───── SOURCE MATERIAL ─────
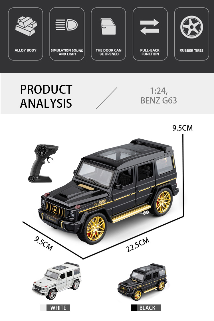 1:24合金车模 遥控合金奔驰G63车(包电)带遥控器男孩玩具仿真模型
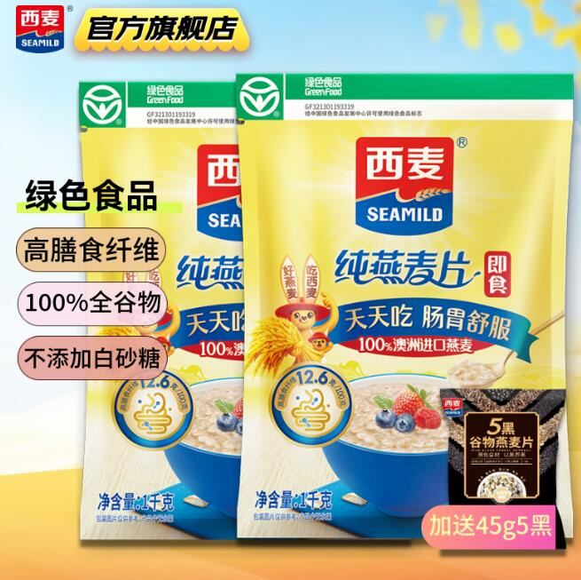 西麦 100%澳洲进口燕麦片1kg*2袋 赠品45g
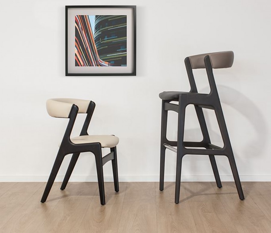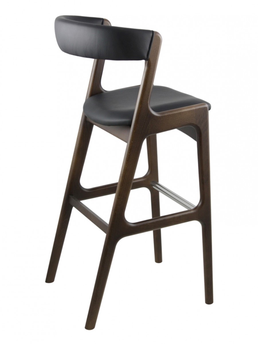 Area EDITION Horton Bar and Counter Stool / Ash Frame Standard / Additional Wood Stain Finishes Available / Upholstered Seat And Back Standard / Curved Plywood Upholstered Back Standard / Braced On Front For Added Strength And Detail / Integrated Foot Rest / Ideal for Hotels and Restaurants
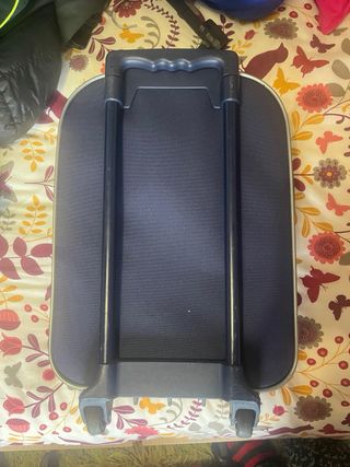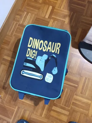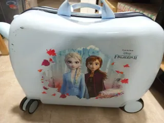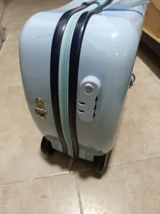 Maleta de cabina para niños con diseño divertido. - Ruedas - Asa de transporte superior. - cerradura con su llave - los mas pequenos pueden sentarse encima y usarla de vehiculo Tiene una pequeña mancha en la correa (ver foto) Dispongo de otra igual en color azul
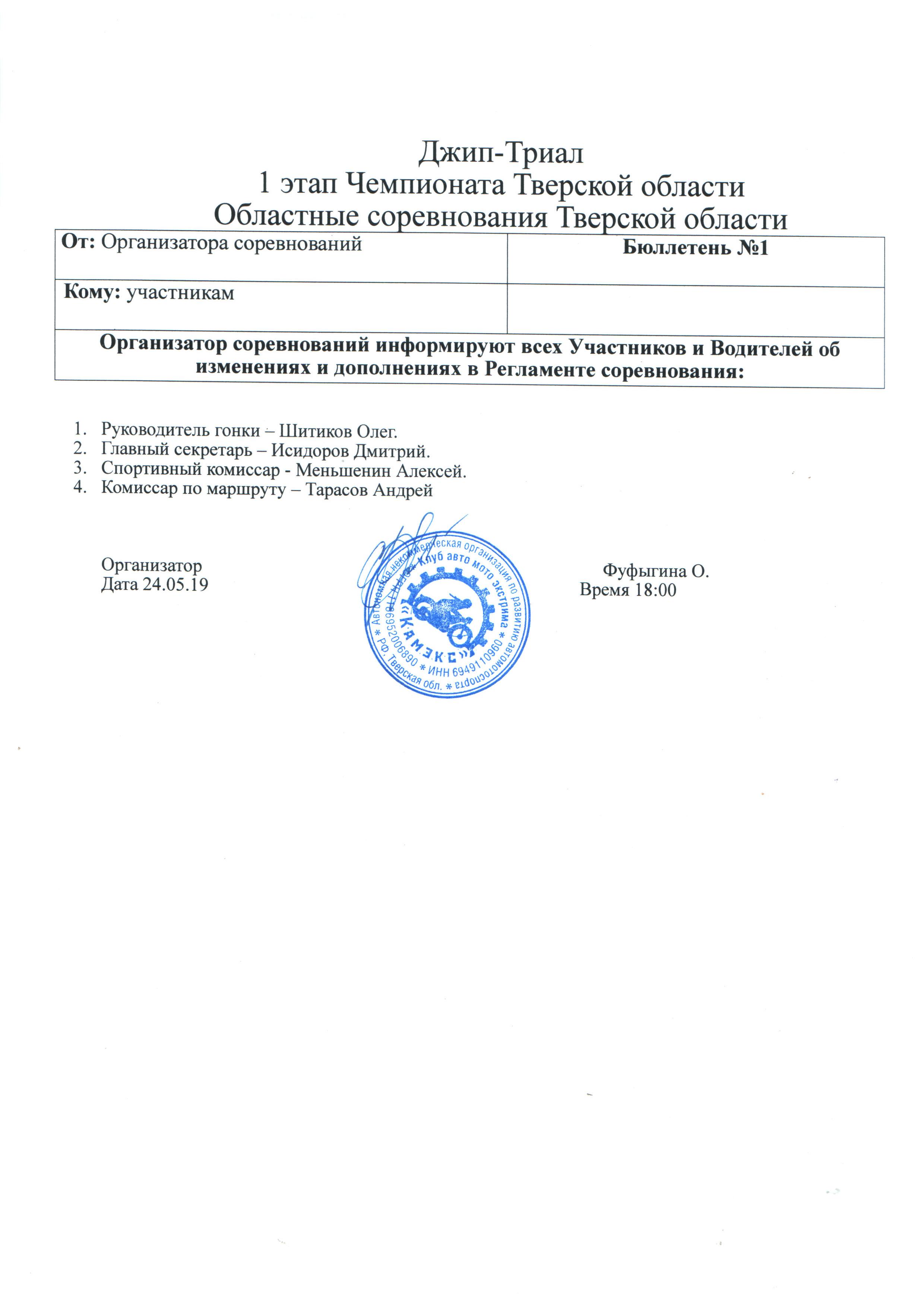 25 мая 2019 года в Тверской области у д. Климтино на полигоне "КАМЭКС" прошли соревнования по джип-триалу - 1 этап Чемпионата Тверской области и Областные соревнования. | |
─────
PROBLEM DESCRIPTION
Copy only this, please: the line with "西麦 100%澳洲进口燕麦片1kg*2袋 赠品45g" and every line after it through the end of the data, with no pictures.

EXERCISE RESPONSE
 西麦 100%澳洲进口燕麦片1kg*2袋 赠品45g
 Area EDITION Horton Bar and Counter Stool / Ash Frame Standard / Additional Wood Stain Finishes Available / Upholstered Seat And Back Standard / Curved Plywood Upholstered Back Standard / Braced On Front For Added Strength And Detail / Integrated Foot Rest / Ideal for Hotels and Restaurants
 Maleta de cabina para niños con diseño divertido. - Ruedas - Asa de transporte superior. - cerradura con su llave - los mas pequenos pueden sentarse encima y usarla de vehiculo Tiene una pequeña mancha en la correa (ver foto) Dispongo de otra igual en color azul
 25 мая 2019 года в Тверской области у д. Климтино на полигоне "КАМЭКС" прошли соревнования по джип-триалу - 1 этап Чемпионата Тверской области и Областные соревнования. | |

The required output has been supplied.